Systolic blood pressure (SBP) and diastolic blood pressure (DBP) were measured in the sitting position at the right upper arm with an automated oscillometric device at the time of SD-OCT exam. Ocular systolic perfusion pressure (SPP) was defined as SBP – IOP at the time of SD-OCT exam and ocular diastolic perfusion pressure (DPP) was defined as DBP – IOP. Mean arterial pressure (MAP) was calculated as DBP +1/3(SBP-DBP). Mean ocular perfusion pressure (MPP) was calculated as 2/3 (MAP) – IOP.

The inclusion criteria for the present study were having normal-tension glaucoma (NTG), a best-corrected visual acuity of at least 20/40, a spherical refraction of −6.0 to +3.0 diopters, and a cylinder correction ≤±3.0 diopters. NTG was defined as the presence of glaucomatous optic nerve damage (i.e., the presence of diffuse or localized rim thinning, notching, or a disc hemorrhage), corresponding visual field defect with maximum IOP <22 mmHg (without glaucoma medications), open angle on gonioscopic examination, and no prior history of long term use of steroid medication or no identifiable secondary cause of glaucoma. A glaucomatous visual field change was defined as (1) outside the normal limit on the glaucoma hemifield test, (2) three abnormal points with a P < 5% probability of being normal, one point with P < 1% by pattern deviation, or (3) a pattern standard deviation of P < 5% confirmed on two consecutive reliable tests. A visual field measurement was considered as reliable when both false-positive and false-negative results were ≤25% and fixation losses were ≤20%.
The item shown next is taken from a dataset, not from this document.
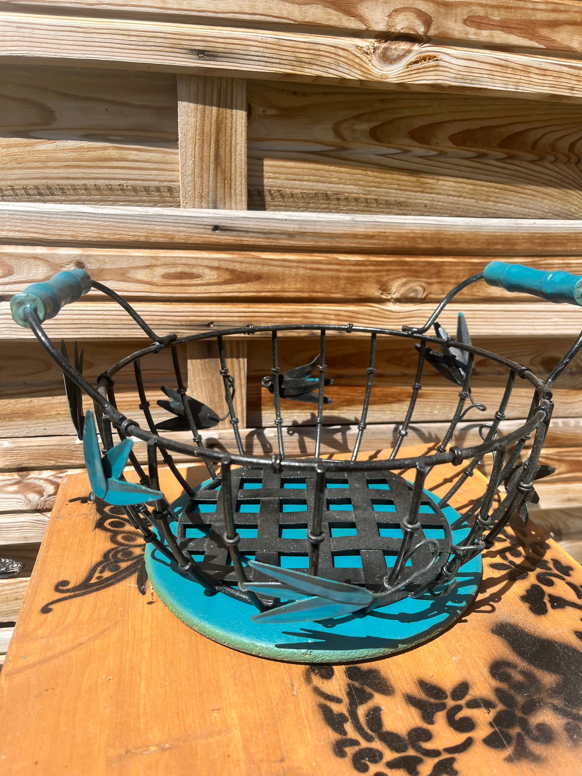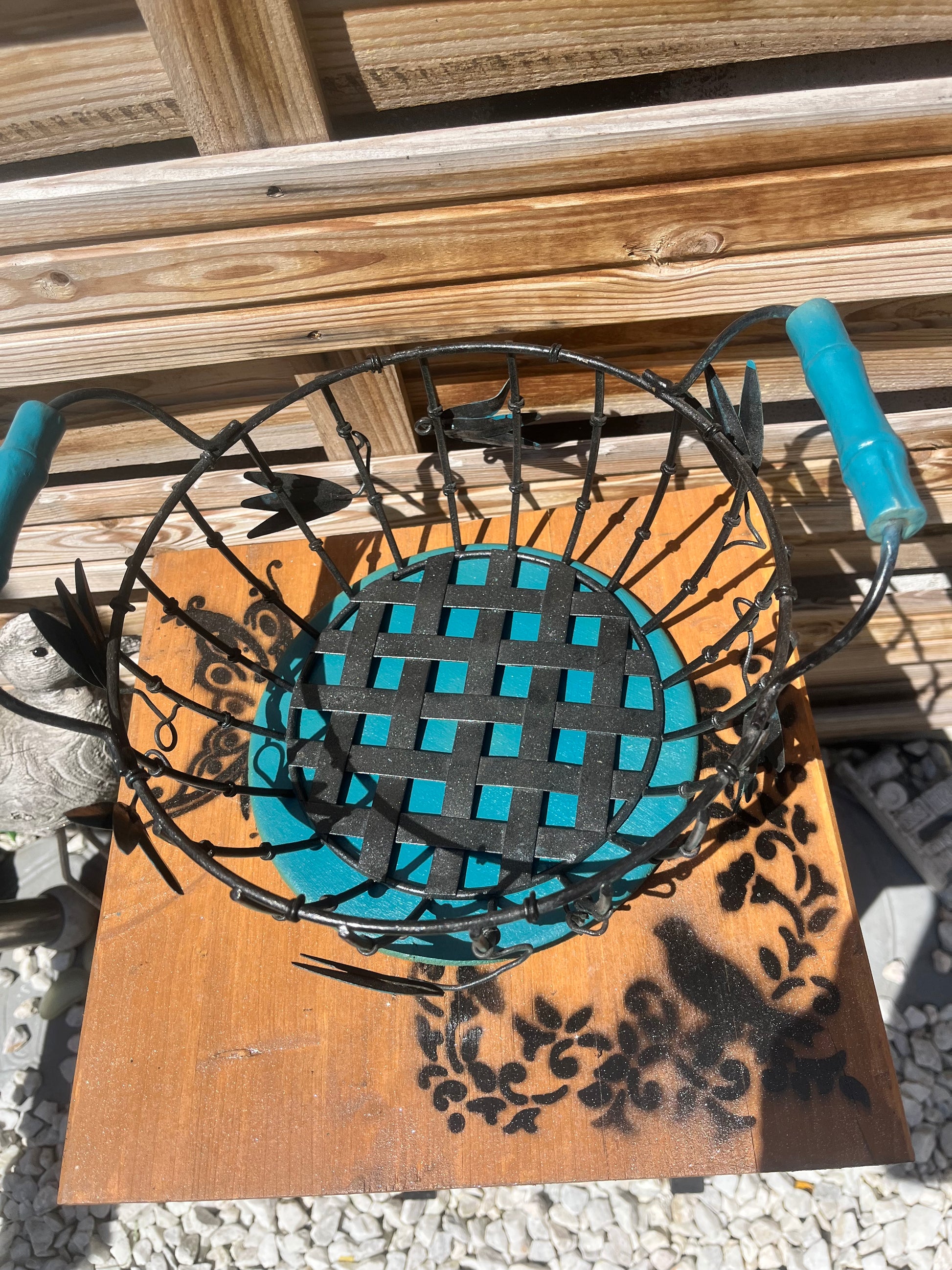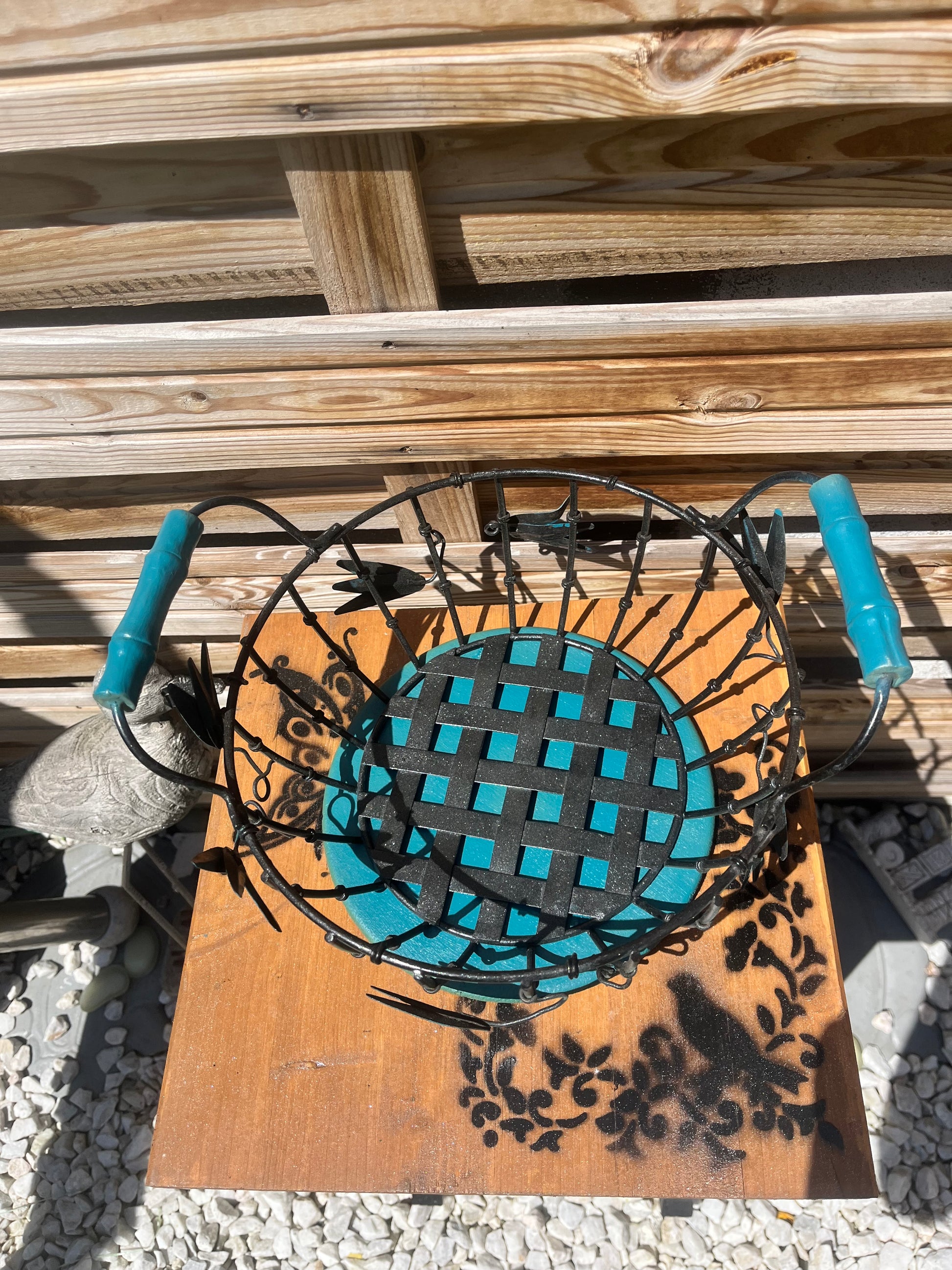 Petit panier rond noir, décors feuilles bleues/vertes et fond de la même couleur.

Eyes with a tilted (i.e., defined as a tilt ratio between the longest and shortest diameters of the optic disc of >1.3)32,33 or torted disc (i.e., defined as a torsion angle-the deviation of the long axis of the optic disc from the vertical meridian-of >15°)33,34, a history of previous intraocular surgery or coexisting retinal (e.g., diabetic retinopathy, retinal vessel occlusion, or retinoschisis) or neurologic diseases (e.g., pituitary tumor) that could affect the visual field were excluded from this study. Secondary glaucoma (e.g., uveitic glaucoma) that may increase IOP was also excluded. Eyes were also excluded when a good-quality image (i.e., quality score >15) could not be obtained in more than five sections. When the quality score did not reach 15, the image-acquisition process automatically stopped, or images of the respective sections were not obtained. Only acceptable scans with a good-quality image that allowed clear delineation of the anterior border of the LC were included.

In cases in which both eyes of a subject were eligible for the study, one eye was selected randomly. Untreated IOP in the NTG patients was defined as the mean value of multiple (typically five) IOP measurements made on the same day (9AM to 5PM) or on different days obtained before IOP-lowering treatment. Optic discs were examined using SD-OCT before IOP lowering medical treatment.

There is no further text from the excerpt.